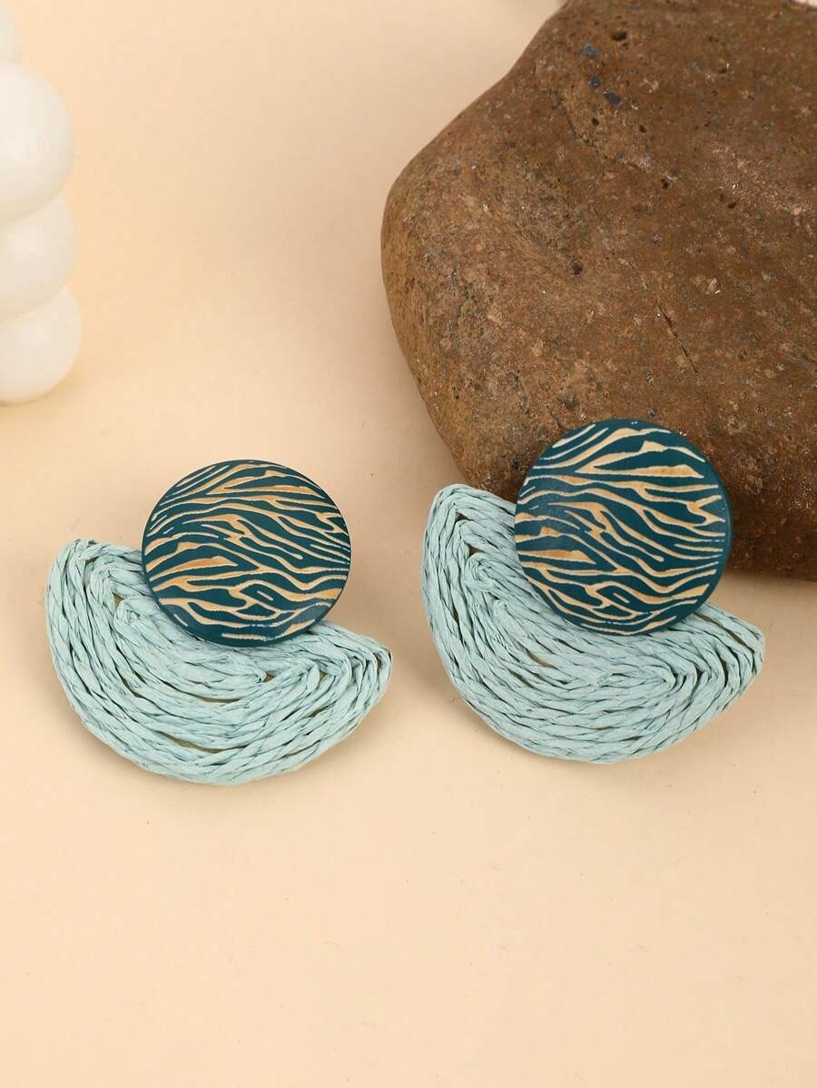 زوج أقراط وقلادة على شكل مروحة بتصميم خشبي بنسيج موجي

* * *

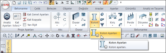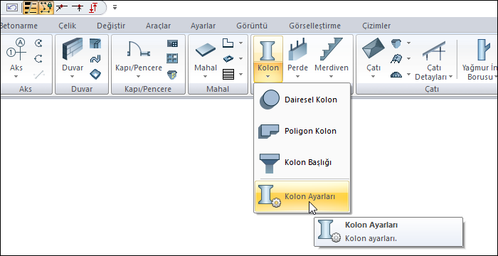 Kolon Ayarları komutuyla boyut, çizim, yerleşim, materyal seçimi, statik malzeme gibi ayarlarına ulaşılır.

==

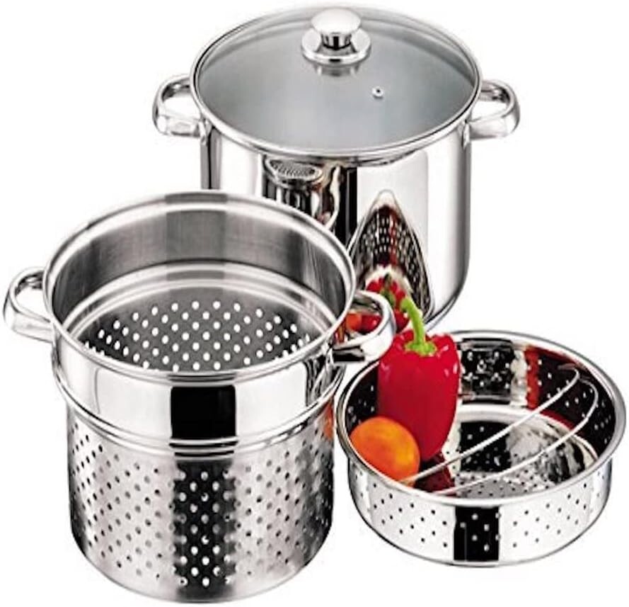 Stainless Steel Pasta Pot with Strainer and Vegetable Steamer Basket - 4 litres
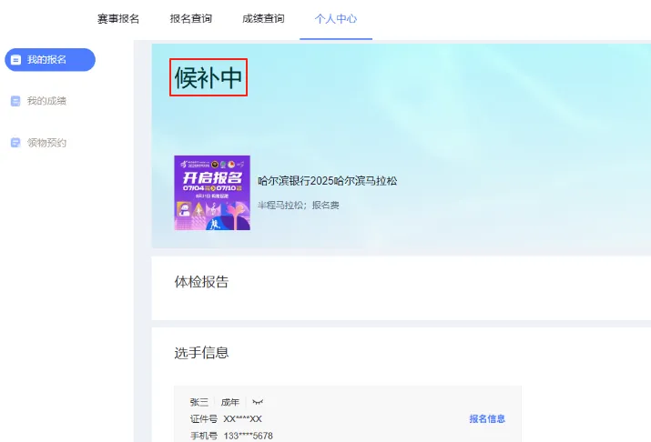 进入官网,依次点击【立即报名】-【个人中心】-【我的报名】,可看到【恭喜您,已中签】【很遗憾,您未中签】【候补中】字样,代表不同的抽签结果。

INSTRUCTIONS TO FOLLOW> Pictures aside, return exactly the lines from the data above, starting at the line that has "Stainless Steel Pasta" and ending at the line that has "进入官网,依次点击【立即报名", both included.

REPLY TO THE EXERCISE>
 Stainless Steel Pasta Pot with Strainer and Vegetable Steamer Basket - 4 litres
 进入官网,依次点击【立即报名】-【个人中心】-【我的报名】,可看到【恭喜您,已中签】【很遗憾,您未中签】【候补中】字样,代表不同的抽签结果。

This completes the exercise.